((
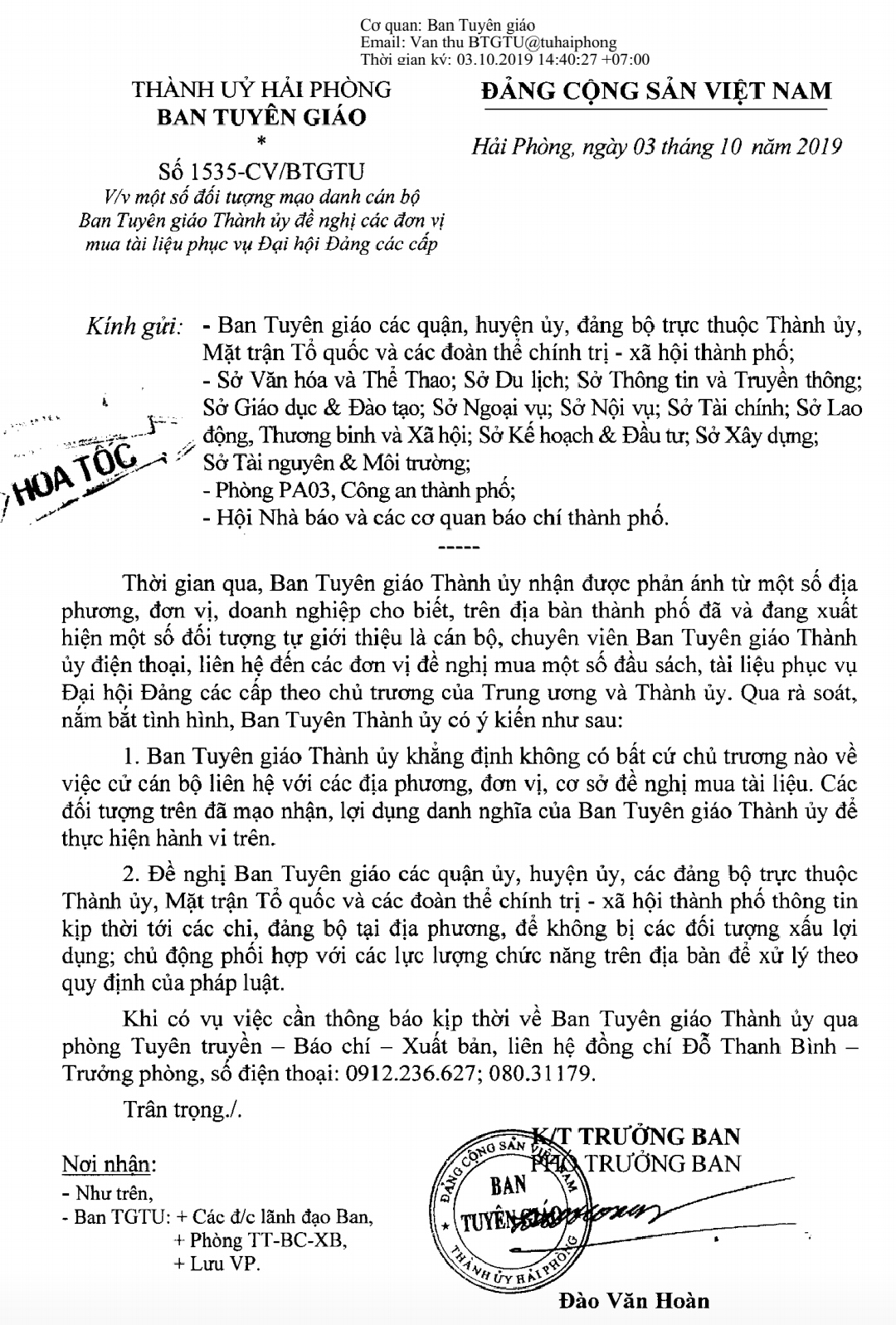 Ban Tuyên giáo Thành ủy Hải Phòng nhận được phản ánh từ một số địa phương, đơn vị, doanh nghiệp về việc trên địa bàn thành phố Hải Phòng đã và đang xuất hiện một số đối tượng tự giới thiệu là cán bộ, chuyên viên Ban Tuyên giáo Thành ủy gọi điện thoại, liên hệ đến các đơn vị đề nghị mua một số đầu sách, tài liệu phục vụ Đại hội Đảng các cấp theo chủ trương của Trung ương và Thành ủy.
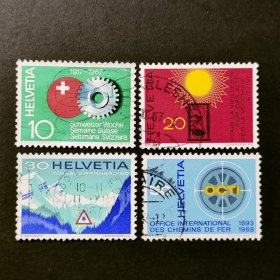 瑞士邮票,1967年年度事件:老年基金会50周年.公路隧道开通.国际铁路运输中央办公室75周年等4全
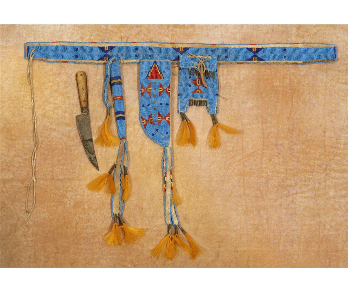 Sioux Child's Set - Knife Case, Awl Case and Bag. Set includes 7" knife case with two 8" edge-beaded drops. 7" fully beaded awl case is attached, also decorated with edge-beaded drops. 5" x 3" beaded bag. All are beaded in a classic design on a desirable blue background and decorated with horsehair filled tin cones. Very difficult to find with all elements present and in original condition. 19th century. Provenance: Ex-Wintersteen collection.
))
Exercise description
Repeat only the lines from the beginning of the material through the line containing "瑞士邮票,1967年年度事件", both ends kept, leaving pictures out.

Answer area
 Ban Tuyên giáo Thành ủy Hải Phòng nhận được phản ánh từ một số địa phương, đơn vị, doanh nghiệp về việc trên địa bàn thành phố Hải Phòng đã và đang xuất hiện một số đối tượng tự giới thiệu là cán bộ, chuyên viên Ban Tuyên giáo Thành ủy gọi điện thoại, liên hệ đến các đơn vị đề nghị mua một số đầu sách, tài liệu phục vụ Đại hội Đảng các cấp theo chủ trương của Trung ương và Thành ủy.
 瑞士邮票,1967年年度事件:老年基金会50周年.公路隧道开通.国际铁路运输中央办公室75周年等4全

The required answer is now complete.